— Collected material —
==*==
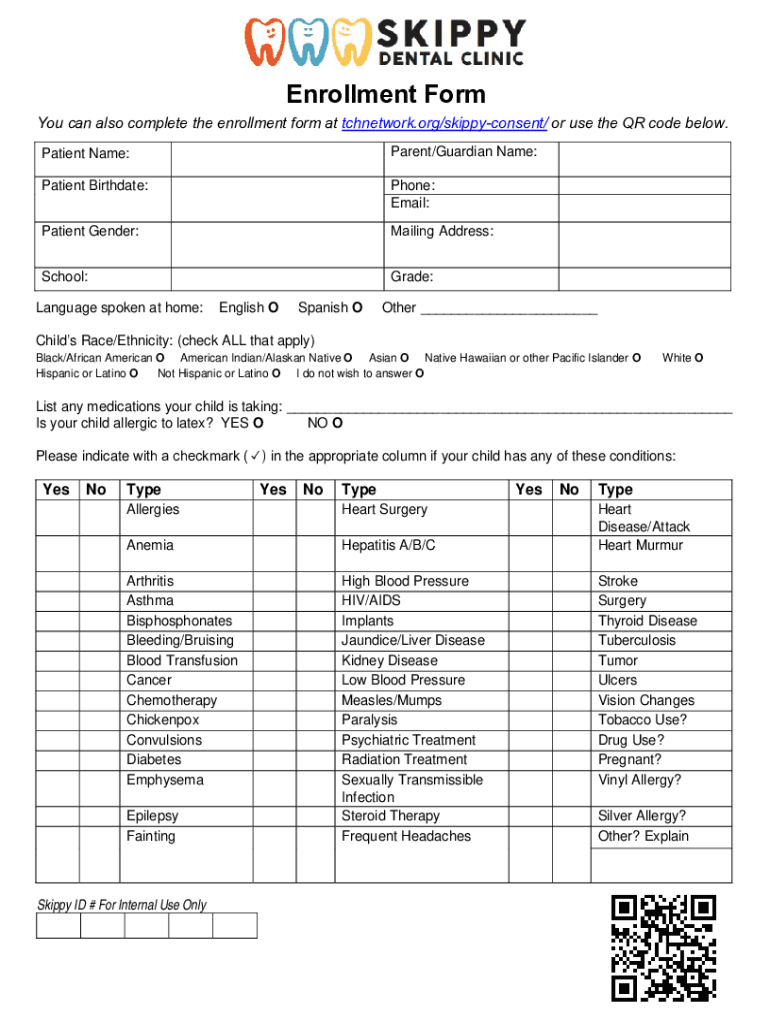 Enrollment Form can also complete the enrollment form at tchnetwork.org/skippyconsent/ or use the QR code below. Patient Name:Parent/Guardian Name:Patient Birthdate:Phone: Email:Patient Gender:Mailing
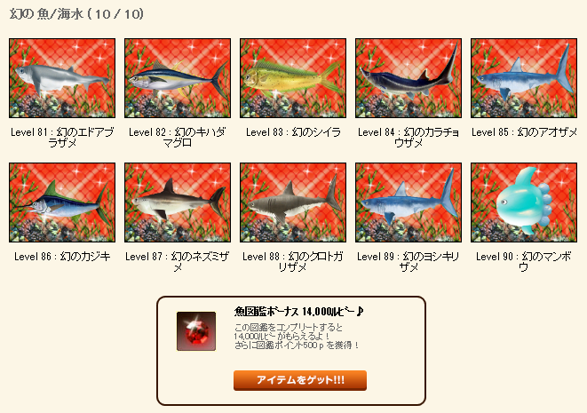 魚図鑑の「幻海水」Lv81~90 が埋まりました~
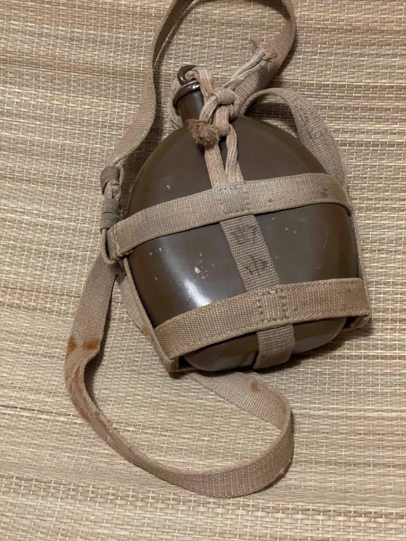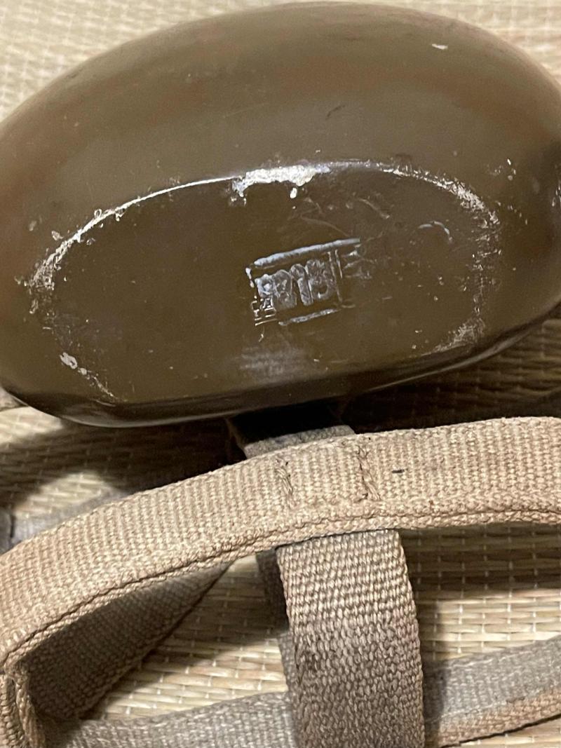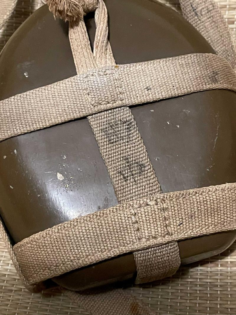 Imperial Japanese Army water bottle, type 94 Army canteen - 1943 version cork stopper and canvas leash.
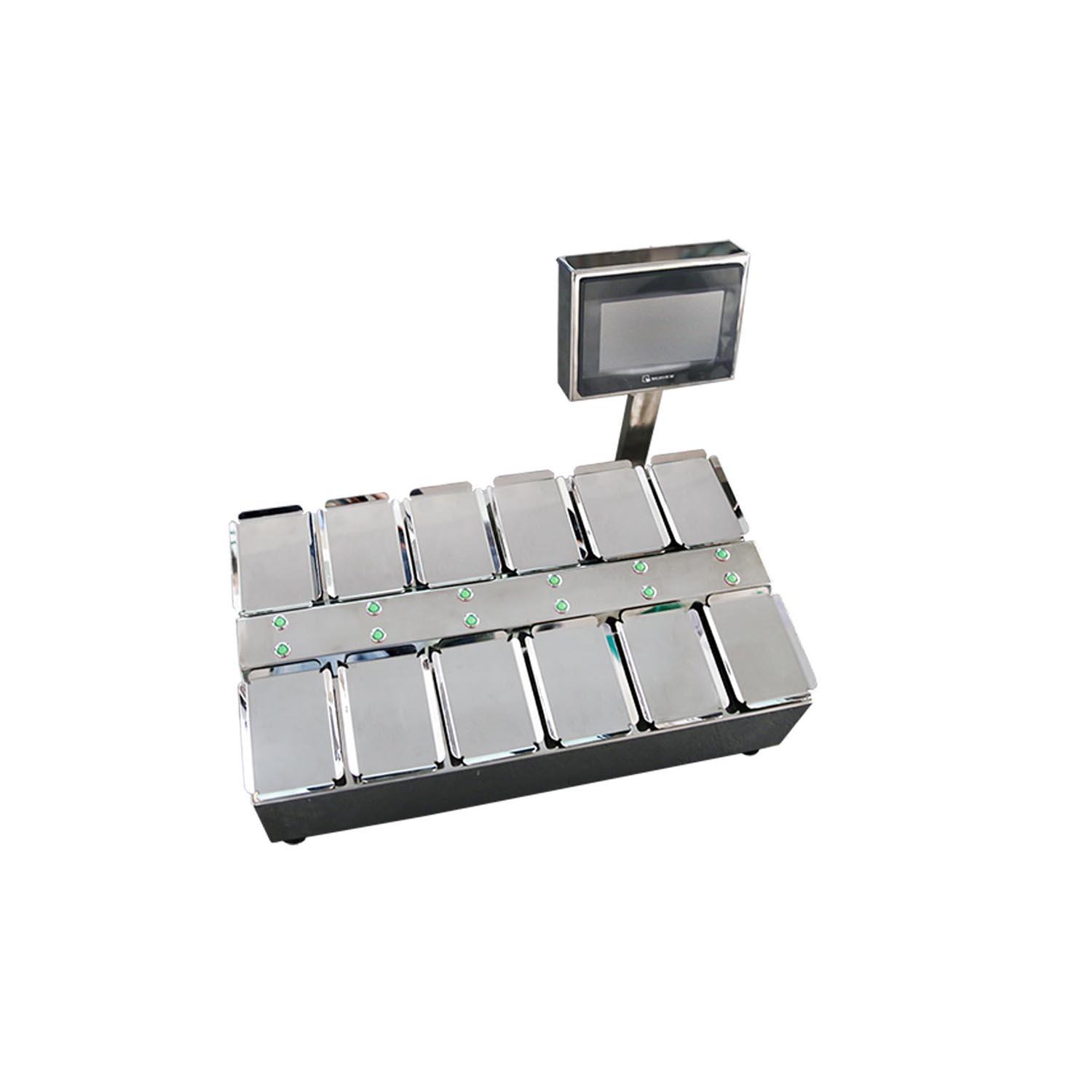 · 各称台放入物料后由称重系统称出重量后组合配重到合适重量后点亮对应指示灯。
==*==
— Work required —
Exactly as written, copy out the listing, but without any pictures.

— Your response —
 Enrollment Form can also complete the enrollment form at tchnetwork.org/skippyconsent/ or use the QR code below. Patient Name:Parent/Guardian Name:Patient Birthdate:Phone: Email:Patient Gender:Mailing
 魚図鑑の「幻海水」Lv81~90 が埋まりました~
 Imperial Japanese Army water bottle, type 94 Army canteen - 1943 version cork stopper and canvas leash.
 · 各称台放入物料后由称重系统称出重量后组合配重到合适重量后点亮对应指示灯。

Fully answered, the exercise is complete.